Applications are occasionally unavailable to serve traffic for a short time. For example, during startup, an application may need to load massive data or configuration files, or it may need to rely on external services. Naturally, you don't want to destroy the program in this situation, but you also don't like to send requests. 

To detect and mitigate these issues, Kubernetes provides readiness probes. For example, through Kubernetes Services, a pod with containers reporting that they are not ready does not receive traffic.

Kubernetes spot-readiness

Due to their lack of availability guarantees, using spot nodes in your Kubernetes cluster can be scary. 

The Kubecost Spot-Readiness Checklist evaluates your Kubernetes workloads in the public cloud to discover candidates for secure scheduling on spot instance models, which can save you up to 90% on cloud resource costs. In addition, cloud-based messaging systems allow users to communicate more securely. This way, companies can also ensure safe mass texting in case they choose it for marketing purposes. 

Kubecost uses your workload configurations to run a series of checks on your AWS (EKS), Google Cloud (GKE), and Azure (AKS clusters to evaluate readiness. It then calculates the cost reductions associated with switching to Spot.

What are spot instances, and why would you want to utilize them?

Spot instances are unused compute instances that public cloud providers sell to customers at a steep discount—possibly up to 90% off. Most popular cloud providers include Microsoft, Google, and AWS, and they provide different enterprise needs such as when building a landing page or storing company files. 

On the other hand, spot nodes change in terms of availability and pricing based on the supply and demand for computing resources at any given time and vary by instance size, family, and deployment location. Examples of computing resources include personal computers, data servers, printers, etc. Thus, spot nodes come in handy when, for example, a marketing professional needs to use Instagram Web or upload specific data. 

Spot instances may receive an interruption notification and spin down within a limited shutdown time if demand for a specific instance type surges (usually a few minutes). 

As a result, spot resources are best suited for fault-tolerant. And adaptable systems such as replicable microservices, Spark/Hadoop nodes, and so on.

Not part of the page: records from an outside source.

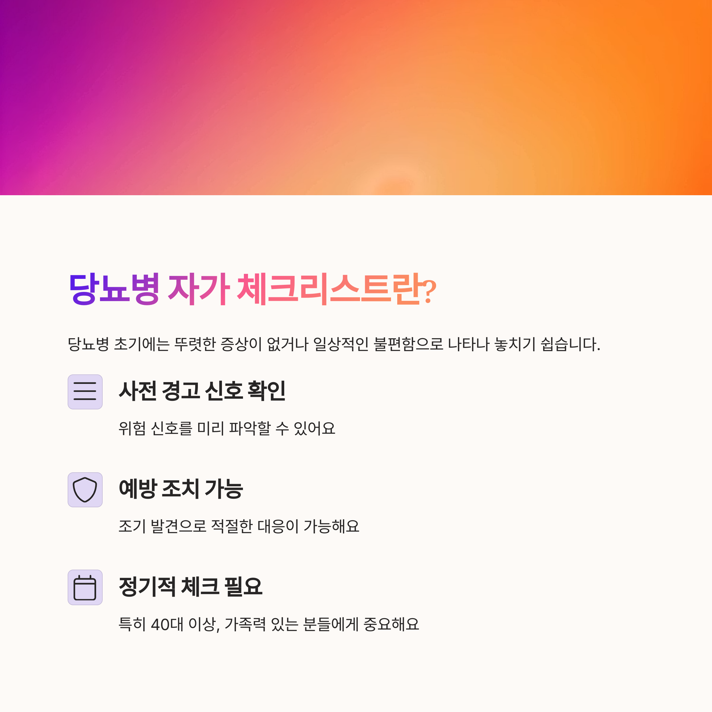 자가 체크리스트는 스스로 당뇨병의 위험 여부를 가늠해볼 수 있는 건강 문항이에요. 일반적으로 초기 당뇨병은 뚜렷한 증상이 없거나, 피로·소변·갈증 등 평소와 비슷한 증상으로 나타나기 때문에 놓치기 쉽죠.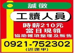 • 協助雜項整理及販售 當日現領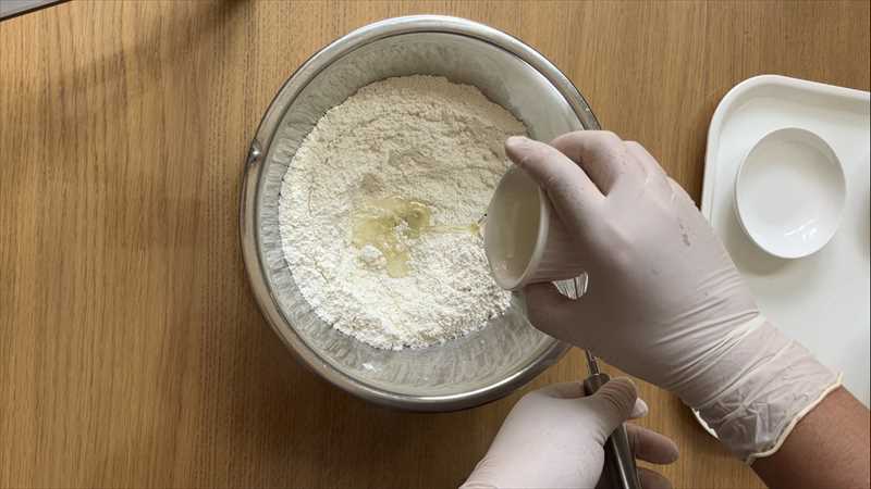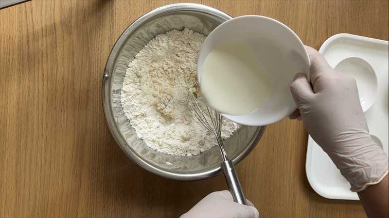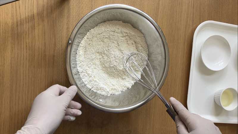 ボウルにお砂糖・薄力粉・ベーキングパウダーを入れて、泡立て器で混ぜ合わせる(粉振るいの代わり)

Kubernetes supports dynamic workload replication and scalability in a way that allows many applications to be resilient to node loss, making it the ideal tool for embracing spot instances in many respects. 

If spot instances become unavailable, schedulers in AWS EKS will recognize pods or containers running on them and replace them with on-demand resources.

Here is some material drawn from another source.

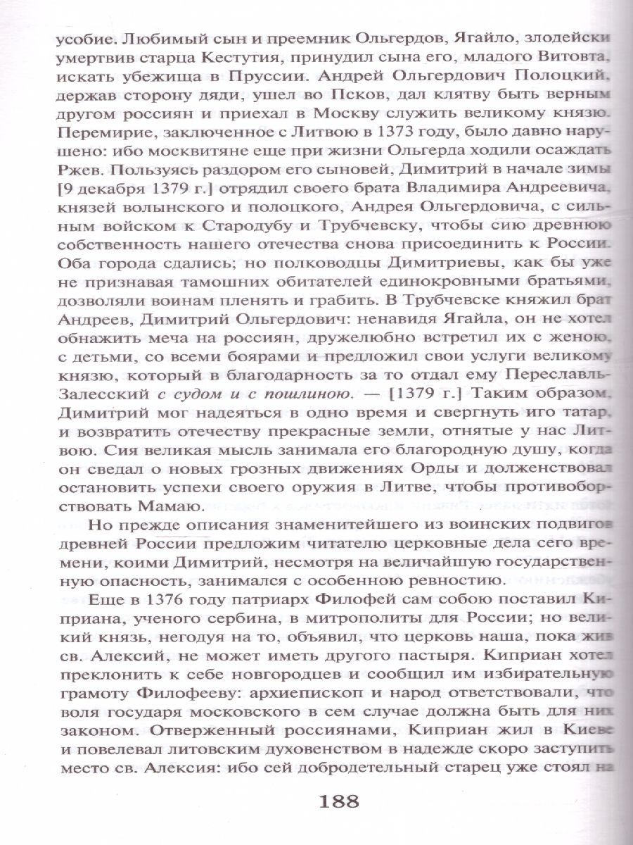 Николай Михайлович Карамзин (1766-1826) – российский историк, писатель, поэт, учёный, реформатор русского языка. Именно Карамзину мы обязаны появлением в русском алфавите буквы "ё". В 1803 году император Александр I присвоил Николаю Карамзину звание российского историографа. С того же времени началась работа над самым известным трудом Карамзина – "История Государства Российского" (1818-1829). В предисловии к своему труду Карамзин пояснил, чем важна история и какую роль она играет в жизни каждого человека. А также отметил, что захватывающая история России не менее интересна и событийна, чем мировая. "История государства Российского есть не только произведение великого писателя, но и подвиг честного человека", – писал о Карамзине А. С. Пушкин. "История" вдохновила Пушкина на создание трагедии "Борис Годунов". В книгу вошли отдельные тома и главы произведения "История государства Российского".Характеристики

What is the current customer challenge?

Customers regularly inform that they are unaware that Public Cloud Kubernetes services offer spot instances. 

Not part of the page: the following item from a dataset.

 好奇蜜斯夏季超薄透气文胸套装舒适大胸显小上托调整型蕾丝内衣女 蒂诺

Spot instance support for GKE began in 2018; however, support for AKS (October 2020) and EKS is still in its early stages (Dec. 2020). 

Many clients struggle to determine which workloads are suited for running on spot instances once they know these capabilities. Moreover, it’s essential to check SPF records to find and prevent email recipients and senders from spam and phishing. 

It can be difficult, if not impossible, to identify spot-applicable workloads on your own, especially since Cloud Providers expressly state that they offer "no availability guarantees" and are only suitable for fault-tolerant applications. 

Spot compute resources that are not correctly implemented can result in costly downtime.

Kubecost's Spot-Readiness Checklist 

Replica Count, Controller Type, Local Storage, Manual Annotation Overrides, Rolling Update Strategy, and Controller Pod Disruption Budget are among the six assessments of Kubecost's Spot-Readiness. The Checklist performs on your Kubernetes workloads to determine their spot readiness. 

Each of these qualities is described in detail below. Then, based on the outcomes of all checks, the Checklist will label controllers in the cluster as spot-ready, possibly spot-ready, or not spot-ready.

Replica Count: Workloads with a configured replica count of one are not considered spot-ready. The workload is halted until rescheduled if the single replica is removed from the cluster. Because workloads that may be replicated often allow a variable number of replicas, representation counts larger than one can indicate a level of spot-readiness.

Controller Type: Kubecost is set up to look into a specific set of controllers, which are now Deployments and StatefulSets (but they are constantly introducing new features!).

Deployments are classified as spot-ready because they are stateless to merely ensure that a particular amount of pods are active at any given moment. StatefulSets, on the other hand, should not be regarded as Spot ready in general. Data loss can occur when StatefulSet pods are scheduled on spot nodes. Whether you’re working on creating business cards online or a marketing campaign where you need to give company information, it’s essential to keep that data safe. 

However, if a StatefulSet workload passes all other tests, it's worth considering whether deploying it as a StatefulSet is required.

Local Storage: Workloads are now examined for the presence of an emptyDir volume. If one is present, it is assumed that the workload is not spot-ready.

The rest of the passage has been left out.